И по тону Федора, и по тому, как вздрогнули на его скулах желваки, поняли гости: не шутит старшой Волков, крепко, видно, уверовал в истину свою. И в Федора поверили – в его решимость, в тот неведомый мир, который он хотел открыть перед ними и который обещал неизмеримо больше, нежели комедиантские игрища потехи ради.

Не станет же купец вот так, за здорово живешь, состояние свое в распыл пускать!

Выбрал Федор на пригорке, чтоб Волгу далеко видно было, красивое место для нового театра, нанял мастеров – и с богом! Потянулись в Полушкинскую рощу подводы с лесом и камнем, с песком и железом. А за усердие и прилежание посулил Федор работникам награду сверх уговора. Сам же с новыми товарищами своими за амбар Мякушкина принялся. К тому времени еще двое молодых ярославцев к Федору пристали: Семен Скачков из посадских да малороссиец Демьян Галик.

Весело работа пошла. И все ж, сколь ни мыли, ни скребли, ни купоросили кирпич этот, никак тяжкий дух от кислой кожи и вареной крови истребить не могли. Поняли тогда, откуда дух этот идет: вся земля вокруг пропиталась этим смрадом, а стоки, что к Волге шли, багровой ржой закуржавились. Пришлось вокруг амбара слой земли снимать, потом засыпать содой и все это свежим дерном покрывать. Даже купец Мякушкин в смущение пришел.

– Не мне б с тебя деньги-то брать, Федор Григорьич, вздохнул он, – а тебе заплатить за услугу такую. Да бедность наша! Прости уж…

И чтоб как-то все же совесть свою очистить, дал Федору из запасов своих несколько штук парусины, которая теперь за ненадобностью ему была. «На завесы сгодится, – прикинул Федор. – С худой овцы – хоть шерсти клок».

Сцену над полом приподняли, чтоб смотрельщики шеи не тянули и чертям было сподручнее в преисподнюю проваливаться. А глиняный пол утрамбовали и загладили. Поручил Федор помощникам скамьи для смотрельщиков мастерить, жирники клепать из жести, а сам сценой занялся – решил кое-какие механизмы приспособить: не терпелось ему показать смотрельщикам спектакль.

Легче всего можно было поставить «Кающегося грешника» – и пьеса знакомая, и актеры, которые уже представляли ее, имелись. Только задумал поставить ее Федор по-своему: чтоб глядя на действо, смотрельщики больше не о гневе божьем, а о совести своей помышляли.

Переписали сумароковского «Хорева», и Федор раздал товарищам списки, чтоб изучали трагедию и могли объяснить каждую персону: каковы ее роль и назначение в игре.

Федор ходил к Верещагину, который диктовал ему перевод Франциска Ланга, Федор же старательно записывал.

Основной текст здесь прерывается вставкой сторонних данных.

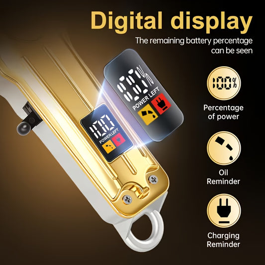 Professional Men's Electric Hair Clipper - Cordless, Adjustable, Rechargeable with LCD Display, USB Charging, for Hair, Face, Beard Trimming - ABS Material
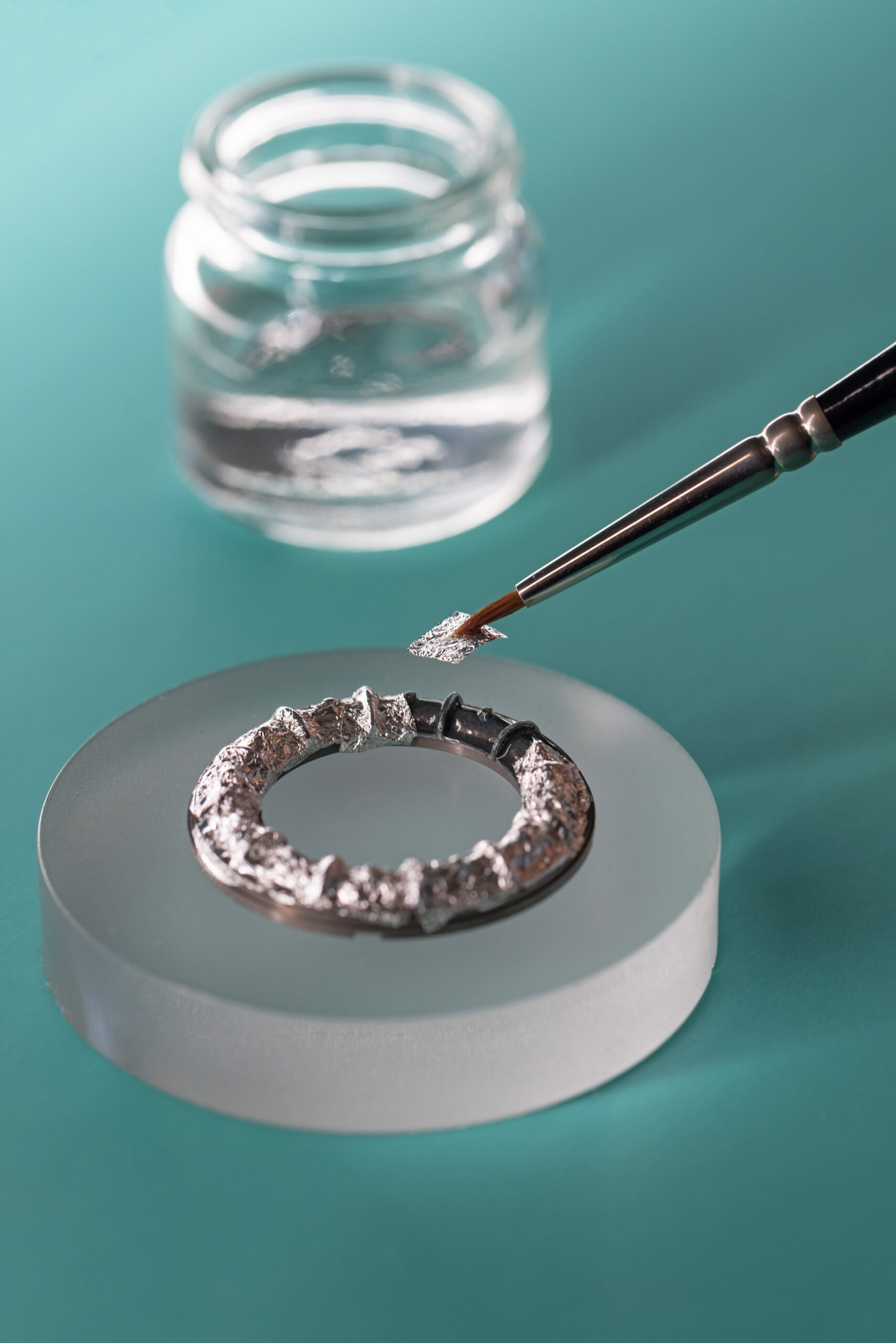The paillonné technique begins with hand-cut silver leaf, laid beneath the enamel to create the shimmering depth Schlumberger revived in the 1960s

Франциск призывал актера учиться у природы. Только, пояснял он, в природе этой многое еще «грубо и не отделано». Потому «на обязанности искусства и лежит, в видах более верного достижения цели, придать всему блеск и изящество».

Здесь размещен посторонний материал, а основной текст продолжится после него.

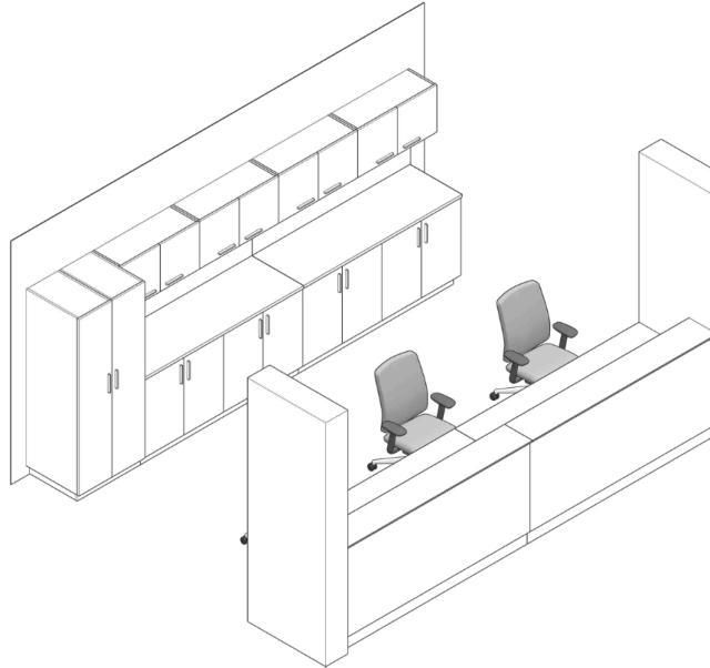 Turning around from the seating area, we see the patient care area. The casework around the headboard is simple, gracefully hiding any medical equipment that is needed.

Обо всем рассказал в своей книжице автор: о ступнях и ногах, о коленях и бедрах, о коленопреклонении и способе садиться, о руках и локтях и кистях рук, о глазах и голове – обо всех членах, участвующих в игре. Но, видно, понимая, что о его правилах подумать могут, предупредил: «Пусть читатель не думает, что я измышляю каких-то марионеток», и еще раз напомнил: «Из всех правил превыше всего – правила природы, чуждые аффектации и подражания».

Это правило с чистым сердцем и принял Федор, не забывая при этом и об «изяществе».

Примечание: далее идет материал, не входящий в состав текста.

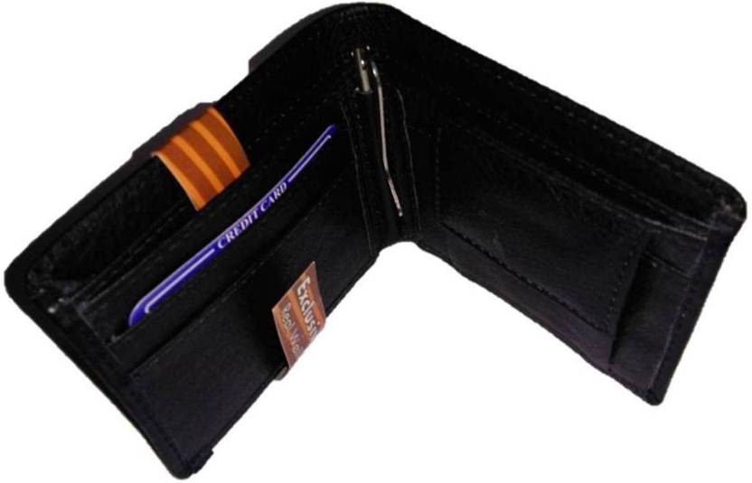 Men Black Artificial Leather Wallet - Mini (3 Card Slots)

Грешника в «Покаянии» Федор решил играть сам. Черта «отдал» Яше Шумскому, лучше которого, пожалуй, никто и не смог бы сыграть нечистого. Ну а Ване Дмитревскому на роду было написано представлять Ангела.

Репетировать начали еще в доме Волковых, а когда наконец амбар превратился в театр, перешли в него и уж там настоящими актерами себя почувствовали.

Потолок в амбаре выкрасили лазурью, по которой разрисовали легкие белые облачка. Стены покрыли белилами, и по бокам Федор нарисовал два просторных окна, за которыми зеленели ветви дуба с желудями.

– Чтоб смотрельщики простор чувствовали и дышали вольно, – пояснил Федор.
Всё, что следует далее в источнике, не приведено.